As melasma is a chronic, long-term condition which can worsen if approached with the wrong course of treatment, it is best to consult a medical professional who can personally analyze your condition to combine modalities for optimal results.
Melasma is a common skin condition characterized by dark, discolored patches on the skin, usually on the face. It is more prevalent in women and individuals with darker skin tones.
The exact cause of melasma is not fully understood, but it is believed to be triggered by a combination of genetic factors, hormonal changes, sun exposure, and skin irritation. Pregnancy, birth control pills, and hormone therapy can also contribute to melasma.
To prevent melasma, it is crucial to use broad-spectrum sunscreen daily, avoid excessive sun exposure, and wear protective clothing. Avoiding harsh skincare products and treatments that irritate the skin can also help.
There are a range of treatments for melasma, including topical medications, oral medications, chemical peels, laser therapy, and microneedling. These treatments target the pigmented cells and help to lighten the dark patches, improving skin tone and texture.
Laser treatments can be effective for melasma, especially when combined with other treatments. They work by targeting and breaking down the pigmented cells. However, melasma can be a recurring condition, so maintenance treatments and proper skincare are essential for long-term results. Laser treatments also require multiple treatment sessions to see a good result.

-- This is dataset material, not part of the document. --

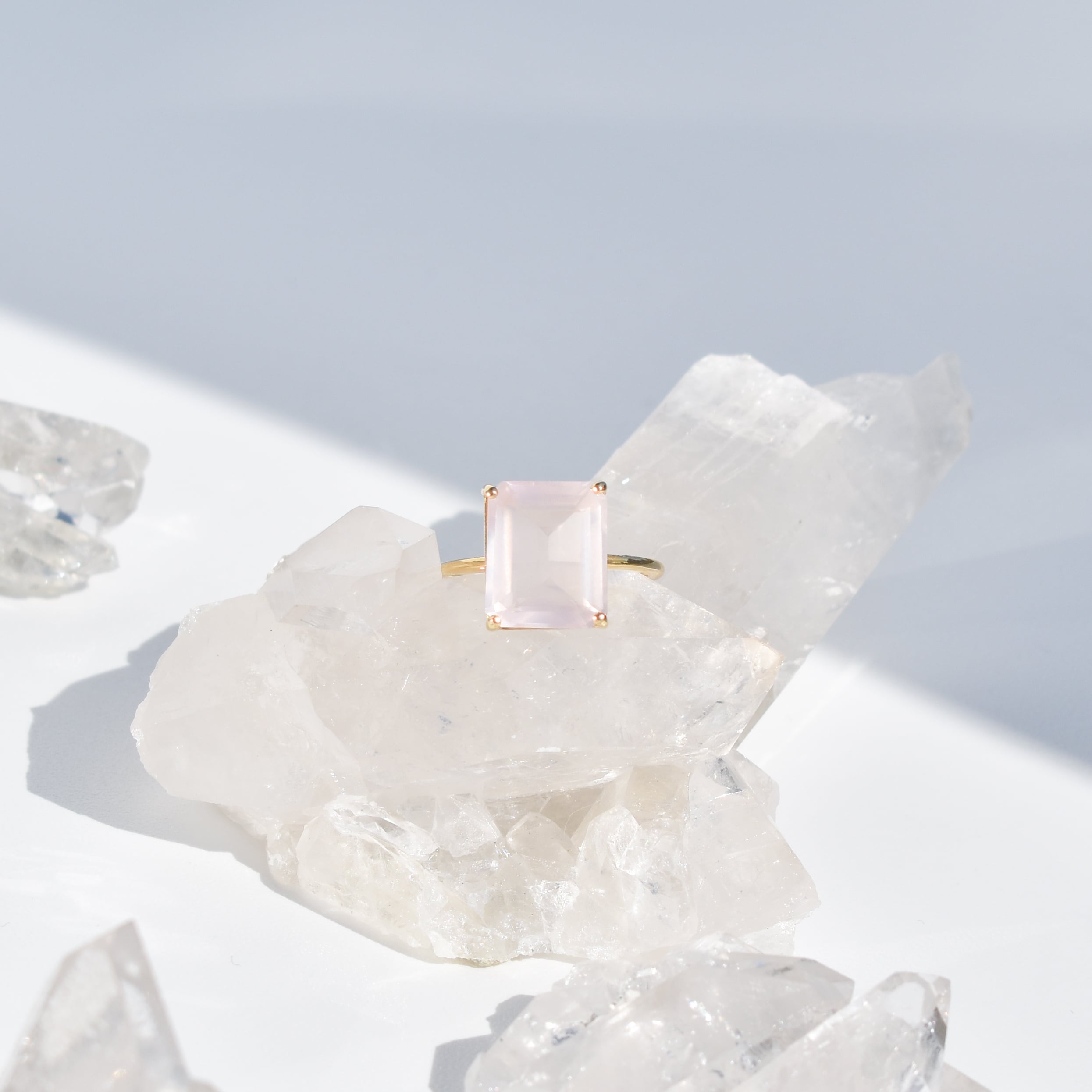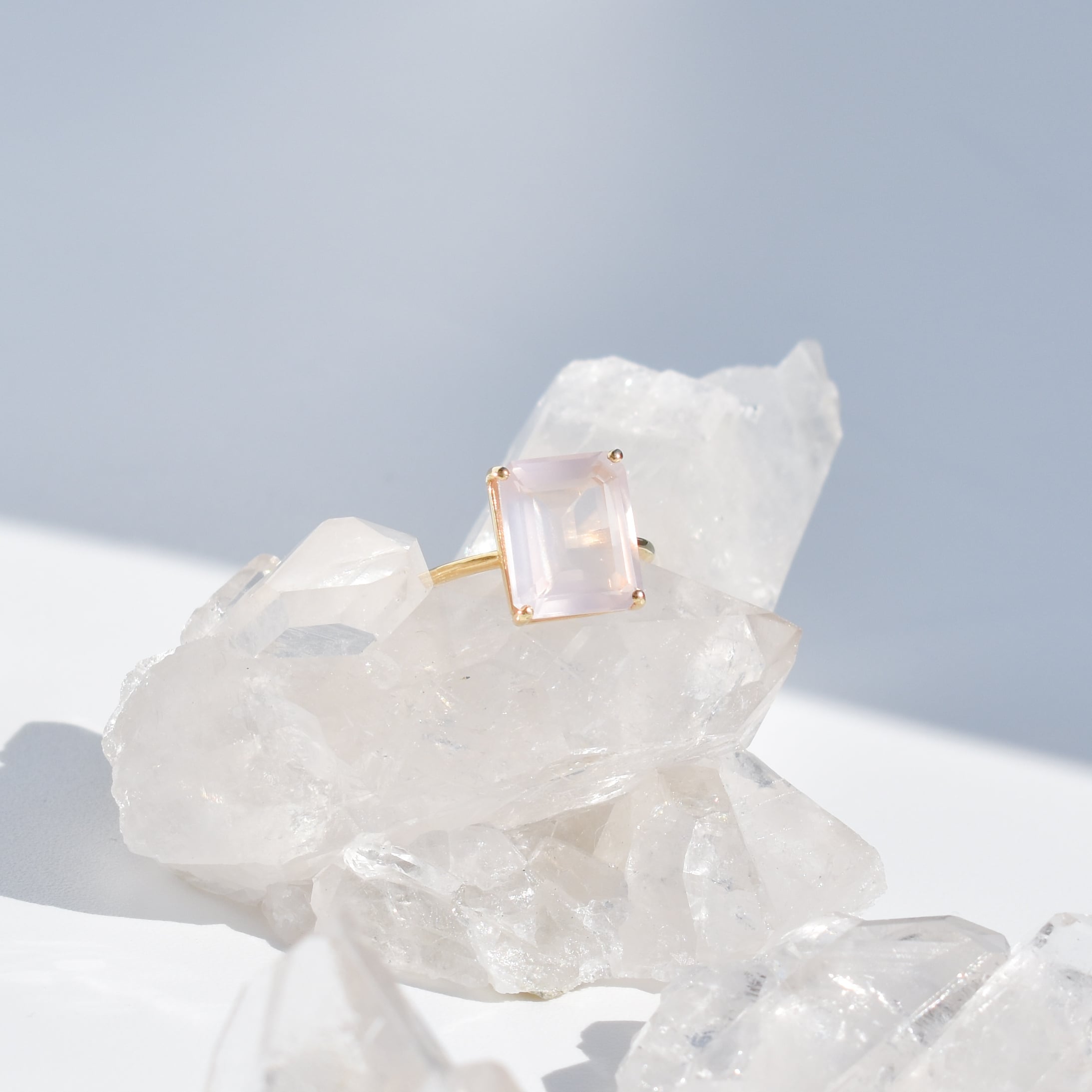 *High Quality*《Roma Jewelry》Rose Quartz Rectangle Ring

This depends on the cause or trigger of melasma. For example, melasma may fade over time, especially if it is triggered by pregnancy or hormone therapy that has since ended. However, without treatment, it often persists or recurs.
The time it takes to see results from melasma treatments varies depending on the treatment method and individual skin type. Generally, patients may start to see improvements within a few weeks to months. Consistent treatment and proper skincare are essential for optimal results.